A comprehensive synthesis, recently published in Nature Climate Change, suggests that climate change alters forest disturbance regimes at the global scale.
Forest disturbances are sensitive to changes in the climate system. In a paper recently published in Nature Climate Change a group of authors led by the RESIN PI Rupert Seidl have now provided the first comprehensive synthesis of climate change effects on a wide range of abiotic (fire, drought, wind, snow and ice) and biotic (insects and pathogens) disturbance agents.
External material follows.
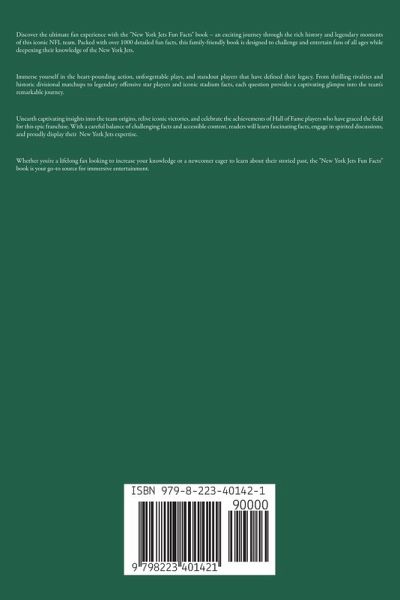 Discover the ultimate fan experience with the "New York Jets Fun Facts" book – an exciting journey through the rich history and legendary moments of this iconic NFL team. Packed with over 1000 detailed fun facts, this family-friendly book is designed to challenge and entertain fans of all ages while deepening their knowledge of the New York Jets. Immerse yourself in the heart-pounding action, unforgettable plays, and standout players that have defined their legacy. From thrilling rivalries and historic divisional matchups to legendary offensive star players and iconic stadium facts, each question provides a captivating glimpse into the team's remarkable journey. Unearth captivating insights into the team origins, relive iconic victories, and celebrate the achievements of Hall of Fame players who have graced the field for this epic franchise. With a careful balance of challenging facts and accessible content, readers will learn fascinating facts, engage in spirited discussions, and proudly display their New York Jets expertise. Whether you're a lifelong fan looking to increase your knowledge or a newcomer eager to learn about their storied past, the "New York Jets Fun Facts" book is your go-to source for immersive entertainment.
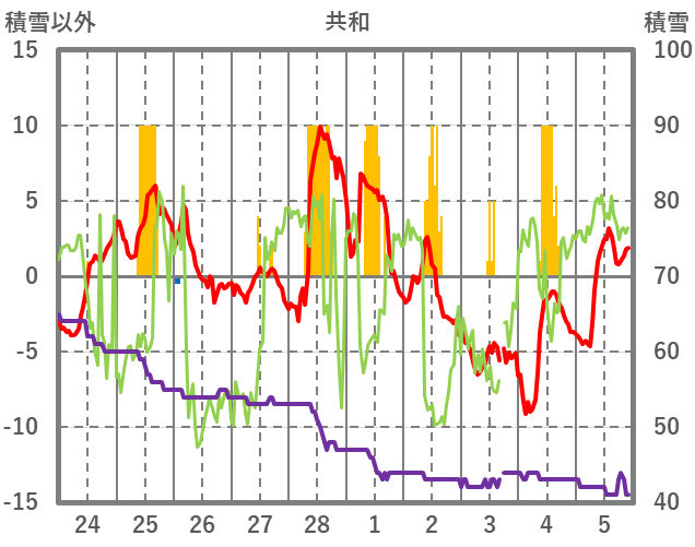 | 日 | 時 | 気温 | 降水 | 風向/風速 | 日照 | 積雪 | 降雪 |

The study highlights that climate can influence forest disturbances through three major pathways. Direct effects are the immediate impacts that changes in the climate system, such as an increased frequency of climatic extremes (e.g., stronger winds or longer periods without precipitation), have on the disturbance regime. But also indirect effects of climate change exist, e.g., when a changing climate alters the structure and composition of a forest, which in turn modified its susceptibility to disturbance. Finally, individual disturbance agents do not respond to climate in isolation, but they frequently interact with other disturbances. Consequently, a climate-mediated change in one disturbance agent could also affect other disturbance agents, and have ripple effects through the system.
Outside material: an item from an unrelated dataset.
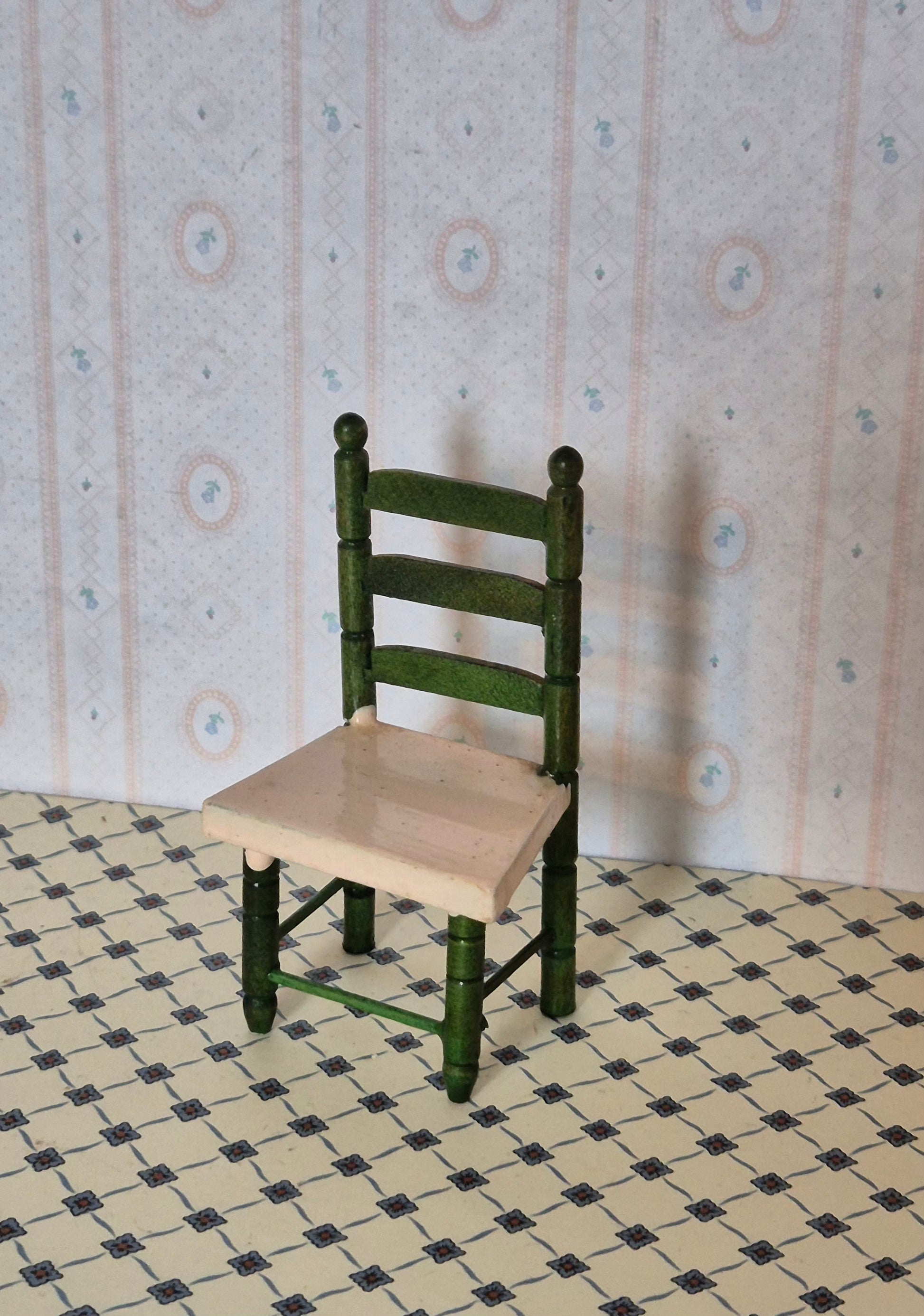 Udmærket stol af træ i grøn og hvid. Der er patina og brugsspor.

The global review of climate effects on forest disturbances was based on 674 papers published in the peer-reviewed literature since 1990. It provides evidence that warmer and drier conditions particularly facilitate fire, drought, and insect disturbances, while warmer and wetter conditions increase disturbances from wind and pathogens. Widespread interactions between agents are likely to amplify disturbances, while indirect climate effects such as vegetation changes can dampen long-term disturbance sensitivities to climate. Future changes in disturbance are likely to be most pronounced in coniferous forests and the boreal biome. The study concludes that both ecosystems and society need to prepare for an increasingly disturbed future of forests.